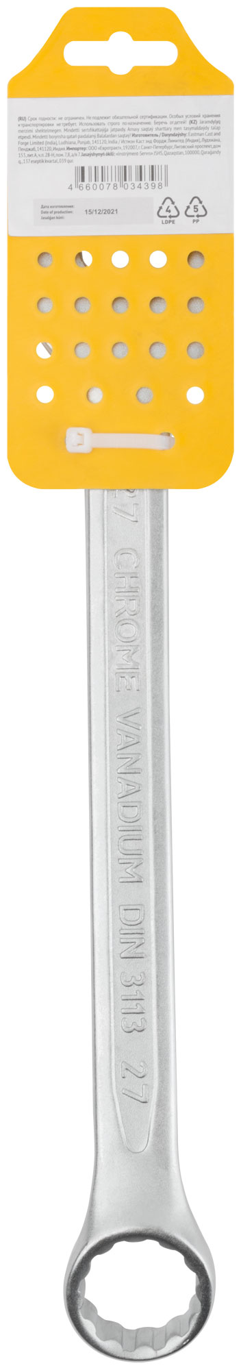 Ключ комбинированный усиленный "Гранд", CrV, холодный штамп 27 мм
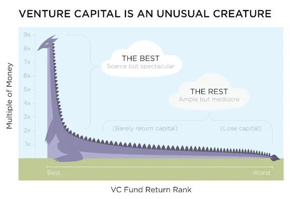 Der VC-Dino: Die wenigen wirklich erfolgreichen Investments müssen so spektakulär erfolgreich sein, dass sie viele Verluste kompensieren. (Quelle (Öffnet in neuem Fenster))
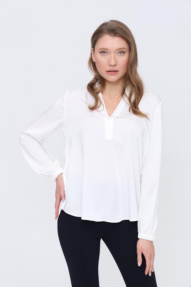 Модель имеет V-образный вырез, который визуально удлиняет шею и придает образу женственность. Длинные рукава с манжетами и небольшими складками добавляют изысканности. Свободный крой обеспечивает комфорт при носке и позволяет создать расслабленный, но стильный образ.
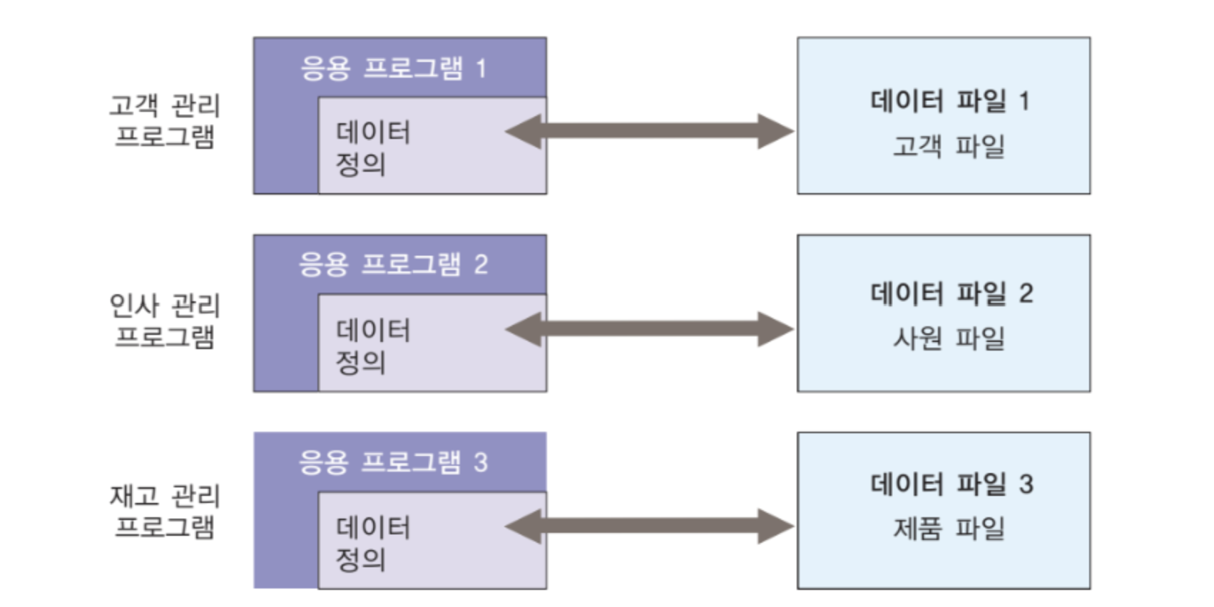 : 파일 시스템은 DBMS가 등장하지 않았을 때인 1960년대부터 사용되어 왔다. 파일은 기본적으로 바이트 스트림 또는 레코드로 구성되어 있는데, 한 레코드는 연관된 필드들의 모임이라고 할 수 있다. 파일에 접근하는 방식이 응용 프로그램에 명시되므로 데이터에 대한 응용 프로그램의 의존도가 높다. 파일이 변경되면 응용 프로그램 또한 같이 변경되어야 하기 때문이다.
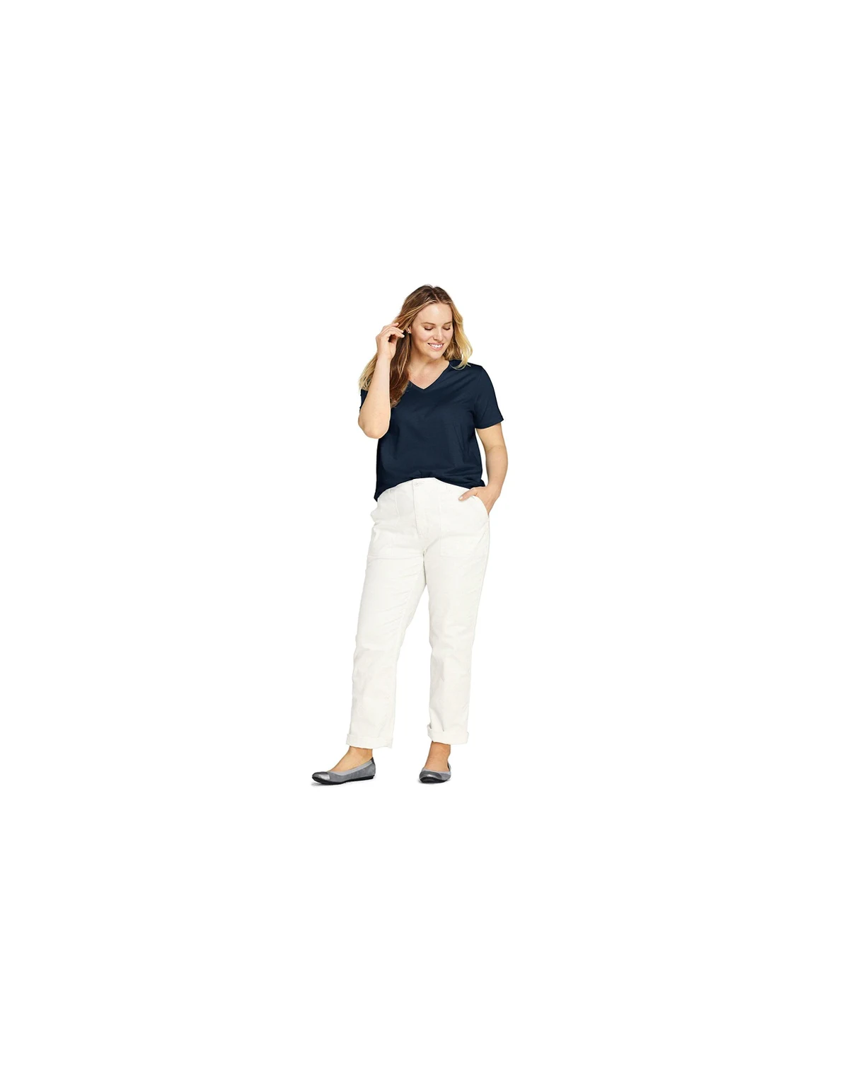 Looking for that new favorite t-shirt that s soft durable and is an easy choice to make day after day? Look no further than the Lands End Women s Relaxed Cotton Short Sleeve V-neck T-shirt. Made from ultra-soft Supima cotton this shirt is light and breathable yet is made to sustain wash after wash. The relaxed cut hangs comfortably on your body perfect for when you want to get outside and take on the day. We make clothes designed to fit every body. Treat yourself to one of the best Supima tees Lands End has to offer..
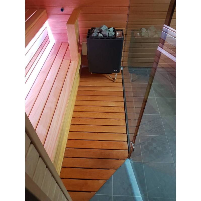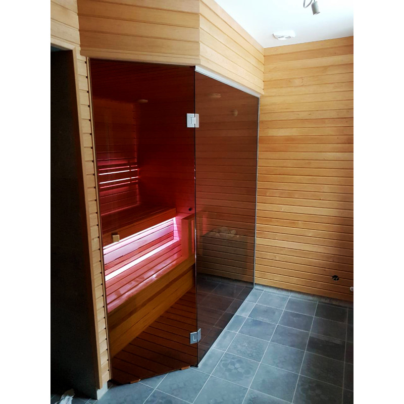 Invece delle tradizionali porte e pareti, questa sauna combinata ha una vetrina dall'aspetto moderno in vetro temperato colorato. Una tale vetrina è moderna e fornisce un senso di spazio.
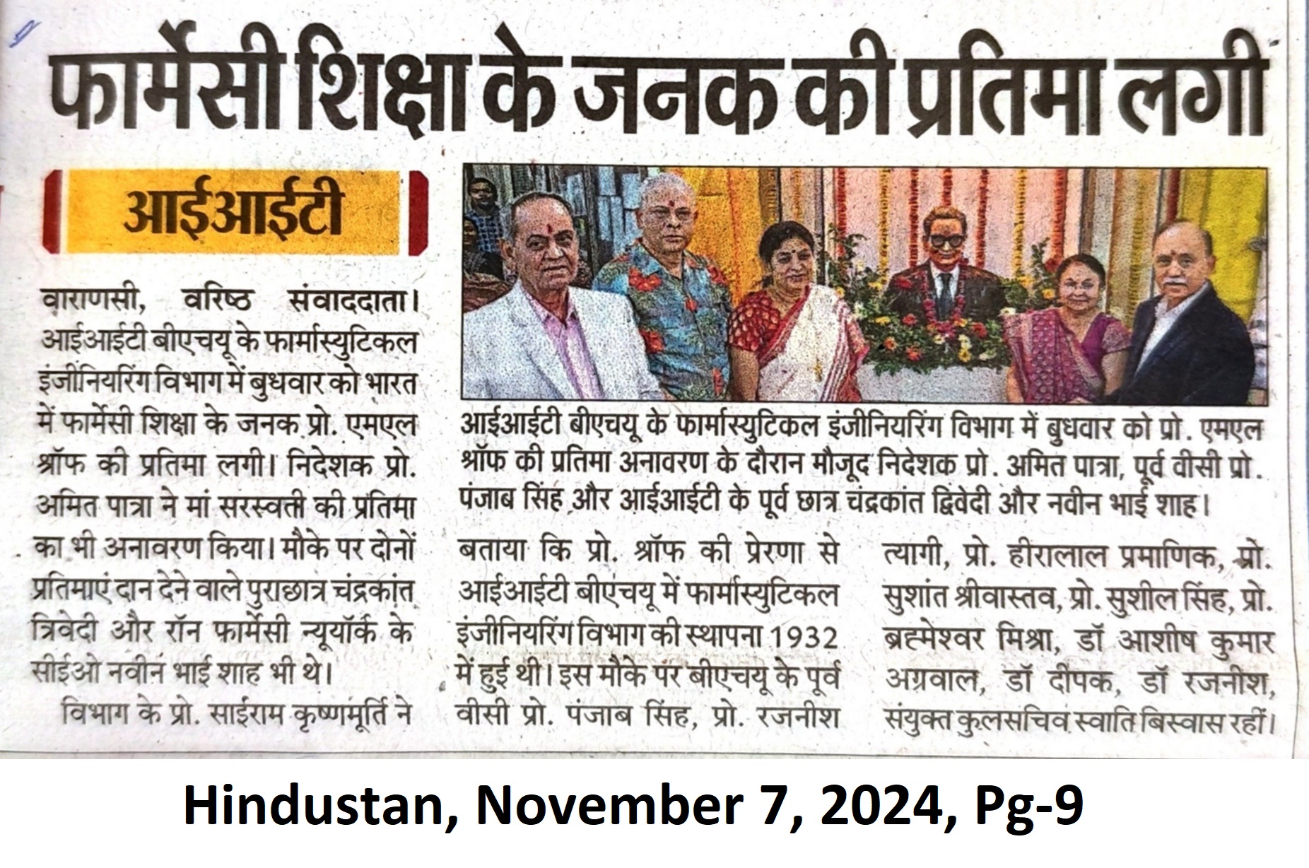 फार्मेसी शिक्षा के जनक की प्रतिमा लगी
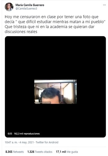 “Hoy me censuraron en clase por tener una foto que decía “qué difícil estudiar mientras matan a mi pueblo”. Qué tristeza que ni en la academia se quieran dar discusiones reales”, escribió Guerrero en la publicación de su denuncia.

+++

## [Task directions]
Print the stretch of the data from the line with "फार्मेसी शिक्षा के जनक की प्रतिमा लगी" through its last line, exactly and with both ends kept. Omit pictures.

## [Output for this exercise]
 फार्मेसी शिक्षा के जनक की प्रतिमा लगी
 “Hoy me censuraron en clase por tener una foto que decía “qué difícil estudiar mientras matan a mi pueblo”. Qué tristeza que ni en la academia se quieran dar discusiones reales”, escribió Guerrero en la publicación de su denuncia.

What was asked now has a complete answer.